I recommend a tool called hlint for identifying places where you can simplify your code.
In your code /as written/, you're not using the values x1, y1, x2, y2, x or y, so you could just write:
onLine _ _ = True
However, I assume that's just a stub, and in reality you will do something with the variables. In general, if you really need to reference all those variables, then you need to write it the way you have done. However, maybe you're using a helper function that only needs the entire line value. Then you could write something like:
onLine l p = blah blah blah
-- use slope l and yIntercept l to figure out if p is on the line
slope :: Line -> Float
slope (Line (Point x1 y1) (Point x2 y2)) = (y2 - y1) / (x2 - x1)
yIntercept :: Line -> Float
yIntercept (Line (Point x1 y1) (Point x2 y2)) = blah blah blah
Alternatively, you can just use accessor functions to extract the x and y co-ordinates from points and lines, but in this case it will probably make your code messier.
Also, in Haskell I believe it's generally more efficient to use Double rather than Float.
You can sometimes avoid brackets with record notation, sometimes with $, sometimes with infix functions, and sometimes they're OK if not excessive.
Let's use record notation for points, which get heavy access for the coordinates, but we'll leave Line alone.
data Point = Point {x::Double,y::Double} deriving (Show)
data Line = Line Point Point deriving (Show)
This defines x :: Point -> Double and y :: Point -> Double.
There's no such thing as equality for floating points, but I'll go for roughly right:
accuracy = 0.000000000001
is :: Double -> Double -> Bool
is x y = abs (x - y) < accuracy
I can use this as x point1 `is` x point2 neatly avoiding the bracketed is (x point1) (x point2)
When your data structure is not so heavily nested with pattern matching, a few brackets are easy to read:
gradient :: Line -> Double
gradient (Line one two) = (y two - y one) / (x two - x one)
But we can go one level deeper without using excessive brackets because of the functions x and y.

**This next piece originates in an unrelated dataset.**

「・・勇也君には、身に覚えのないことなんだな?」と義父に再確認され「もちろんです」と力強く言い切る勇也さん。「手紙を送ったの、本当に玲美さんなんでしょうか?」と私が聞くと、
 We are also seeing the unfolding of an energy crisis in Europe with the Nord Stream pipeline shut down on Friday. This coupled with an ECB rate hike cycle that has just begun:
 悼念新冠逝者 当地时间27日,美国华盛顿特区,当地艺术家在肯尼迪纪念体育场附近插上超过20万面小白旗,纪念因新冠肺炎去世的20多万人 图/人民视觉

asFunction :: Line -> (Double -> Double) -- ( ) for clarity, not necessity
asFunction l#(Line point _) = \xx -> gradient l * (xx - x point) + y point
Notice I've used l# to introduce an alias for (Line point _) to save typing on the right.
Now we can use the infix function trick to get rid of a few more brackets:
onLine :: Line -> Point -> Bool
onLine l p = l `asFunction` x p `is` y p
On the right hand side, you can use $ to get rid of brackets, but you can't use it on the left in pattern matching because it's a function f $ x = f x. For example
this (that (the other thing (something other)))

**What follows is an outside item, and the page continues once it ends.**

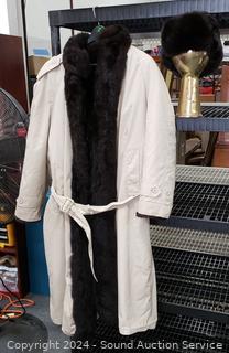 Lot #0093: Vintage Fur Lined Trench Coat & Ushanka Hat

= this $ that $ the other thing $ something other
= this . that . the other thing $ something other
You can take the line and point apart within the function by defining accessors, but there is no way to do the pattern matching without the parentheses.
Another way of getting rid of the parentheses is to do the pattern matching in a number of case expressions:
onLine l p = case l of
Line p1 p2 -> case p1 of
Point x1 y1 -> case p2 of
Point x2 y2 -> case p of
Point x y -> True -- you can use x1,y1,x2,y2,x and y here
This is close to what the compiler 'translates' the patternmatches to, but of course this is not much of an improvement!
However, there are a number of ways of writing this expression that also translate to the same cascaded pattern matching; here's one:
onLine l p = let
Line (Point x1 y1) (Point x2 y2) = l
Point x y = p
in True
and here's another:
onLine l p = True where
Line (Point x1 y1) (Point x2 y2) = l
Point x y = p
The last one is pretty nice and readable, in my opinion, but the other suggestions are much better, since they'll lead to a better structured program!
(There's some stuff about irrefutable patterns that I'm glossing over, and this only works for single-constructor datatypes)
In "Making Our Own Types and Typeclasses" they give the following piece of code :
data Point = Point Float Float deriving (Show)
data Shape = Circle Point Float | Rectangle Point Point deriving (Show)
surface :: Shape -> Float
surface (Circle _ r) = pi * r ^ 2
surface (Rectangle (Point x1 y1) (Point x2 y2)) = (abs $ x2 - x1) * (abs $ y2 - y1)
nudge :: Shape -> Float -> Float -> Shape
nudge (Circle (Point x y) r) a b = Circle (Point (x+a) (y+b)) r
nudge (Rectangle (Point x1 y1) (Point x2 y2)) a b = Rectangle (Point (x1+a) (y1+b)) (Point (x2+a) (y2+b))
main = do
print (surface (Circle (Point 0 0) 24))
print (nudge (Circle (Point 34 34) 10) 5 10)
As it stands the pattern matching against constructors is getting quite cluttered at the point
nudge (Rectangle (Point x1 y1) (Point x2 y2)) a b = ....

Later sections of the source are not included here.